[Dataset records]
-- Opening Marker --

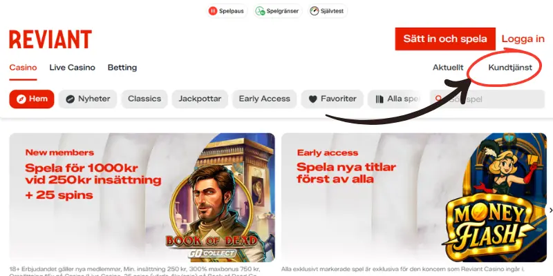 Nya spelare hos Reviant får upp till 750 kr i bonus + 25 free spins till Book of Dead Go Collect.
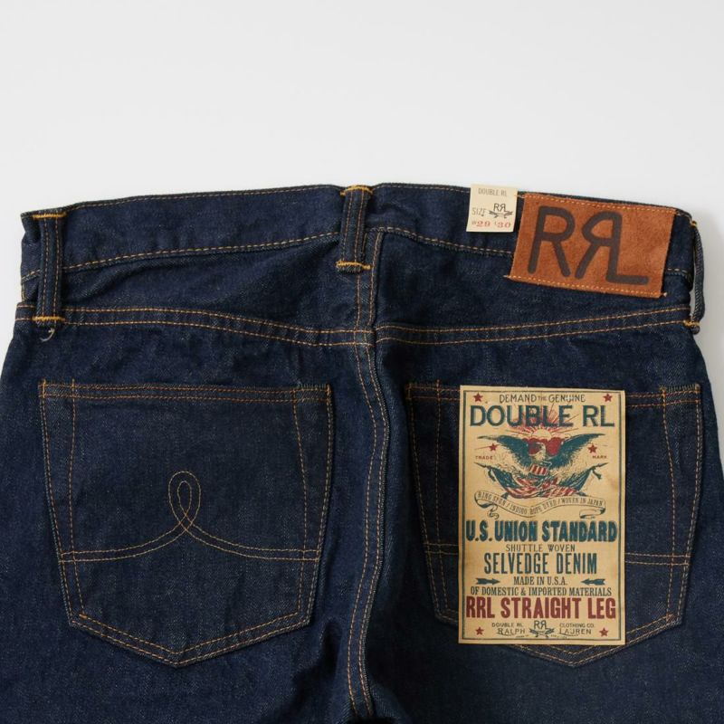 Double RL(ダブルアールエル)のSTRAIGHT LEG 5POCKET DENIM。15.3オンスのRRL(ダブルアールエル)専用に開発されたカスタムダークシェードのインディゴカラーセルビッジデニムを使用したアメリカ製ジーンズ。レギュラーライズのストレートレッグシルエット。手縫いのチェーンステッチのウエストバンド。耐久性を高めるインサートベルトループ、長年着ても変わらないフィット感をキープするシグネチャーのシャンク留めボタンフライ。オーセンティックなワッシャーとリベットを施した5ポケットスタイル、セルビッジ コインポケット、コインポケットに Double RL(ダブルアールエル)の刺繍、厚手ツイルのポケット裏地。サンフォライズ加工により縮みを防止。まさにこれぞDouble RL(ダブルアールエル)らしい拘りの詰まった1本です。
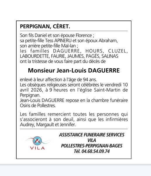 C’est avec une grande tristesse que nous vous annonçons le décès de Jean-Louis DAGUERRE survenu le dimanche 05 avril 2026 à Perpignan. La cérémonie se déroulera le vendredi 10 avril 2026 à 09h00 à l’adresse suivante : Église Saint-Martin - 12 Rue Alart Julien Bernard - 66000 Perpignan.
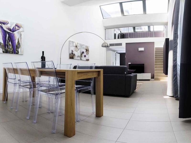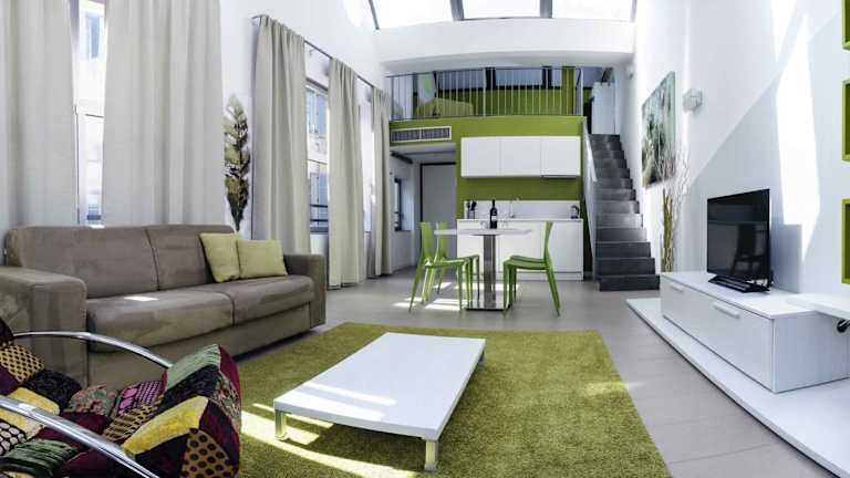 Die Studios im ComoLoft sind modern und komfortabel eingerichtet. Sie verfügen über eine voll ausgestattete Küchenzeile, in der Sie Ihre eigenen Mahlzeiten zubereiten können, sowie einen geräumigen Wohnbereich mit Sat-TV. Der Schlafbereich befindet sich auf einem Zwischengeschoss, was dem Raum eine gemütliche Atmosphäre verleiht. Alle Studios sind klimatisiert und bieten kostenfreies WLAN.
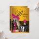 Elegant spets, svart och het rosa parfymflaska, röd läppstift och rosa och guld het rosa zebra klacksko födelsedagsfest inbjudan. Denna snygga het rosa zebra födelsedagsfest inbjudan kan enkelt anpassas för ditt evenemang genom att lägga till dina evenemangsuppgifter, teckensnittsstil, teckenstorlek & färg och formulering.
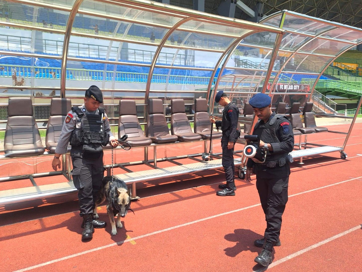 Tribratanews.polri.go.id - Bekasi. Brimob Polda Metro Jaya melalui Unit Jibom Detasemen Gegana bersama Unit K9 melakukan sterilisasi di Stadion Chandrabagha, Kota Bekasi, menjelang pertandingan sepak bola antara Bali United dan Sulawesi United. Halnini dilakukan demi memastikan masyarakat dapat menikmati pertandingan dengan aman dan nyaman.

-- Closing Marker --

§ Description of the task: In your copy, please omit the pictures and print every line of the records exactly.

§ Response area:
 Nya spelare hos Reviant får upp till 750 kr i bonus + 25 free spins till Book of Dead Go Collect.
 Double RL(ダブルアールエル)のSTRAIGHT LEG 5POCKET DENIM。15.3オンスのRRL(ダブルアールエル)専用に開発されたカスタムダークシェードのインディゴカラーセルビッジデニムを使用したアメリカ製ジーンズ。レギュラーライズのストレートレッグシルエット。手縫いのチェーンステッチのウエストバンド。耐久性を高めるインサートベルトループ、長年着ても変わらないフィット感をキープするシグネチャーのシャンク留めボタンフライ。オーセンティックなワッシャーとリベットを施した5ポケットスタイル、セルビッジ コインポケット、コインポケットに Double RL(ダブルアールエル)の刺繍、厚手ツイルのポケット裏地。サンフォライズ加工により縮みを防止。まさにこれぞDouble RL(ダブルアールエル)らしい拘りの詰まった1本です。
 C’est avec une grande tristesse que nous vous annonçons le décès de Jean-Louis DAGUERRE survenu le dimanche 05 avril 2026 à Perpignan. La cérémonie se déroulera le vendredi 10 avril 2026 à 09h00 à l’adresse suivante : Église Saint-Martin - 12 Rue Alart Julien Bernard - 66000 Perpignan.
 Die Studios im ComoLoft sind modern und komfortabel eingerichtet. Sie verfügen über eine voll ausgestattete Küchenzeile, in der Sie Ihre eigenen Mahlzeiten zubereiten können, sowie einen geräumigen Wohnbereich mit Sat-TV. Der Schlafbereich befindet sich auf einem Zwischengeschoss, was dem Raum eine gemütliche Atmosphäre verleiht. Alle Studios sind klimatisiert und bieten kostenfreies WLAN.
 Elegant spets, svart och het rosa parfymflaska, röd läppstift och rosa och guld het rosa zebra klacksko födelsedagsfest inbjudan. Denna snygga het rosa zebra födelsedagsfest inbjudan kan enkelt anpassas för ditt evenemang genom att lägga till dina evenemangsuppgifter, teckensnittsstil, teckenstorlek & färg och formulering.
 Tribratanews.polri.go.id - Bekasi. Brimob Polda Metro Jaya melalui Unit Jibom Detasemen Gegana bersama Unit K9 melakukan sterilisasi di Stadion Chandrabagha, Kota Bekasi, menjelang pertandingan sepak bola antara Bali United dan Sulawesi United. Halnini dilakukan demi memastikan masyarakat dapat menikmati pertandingan dengan aman dan nyaman.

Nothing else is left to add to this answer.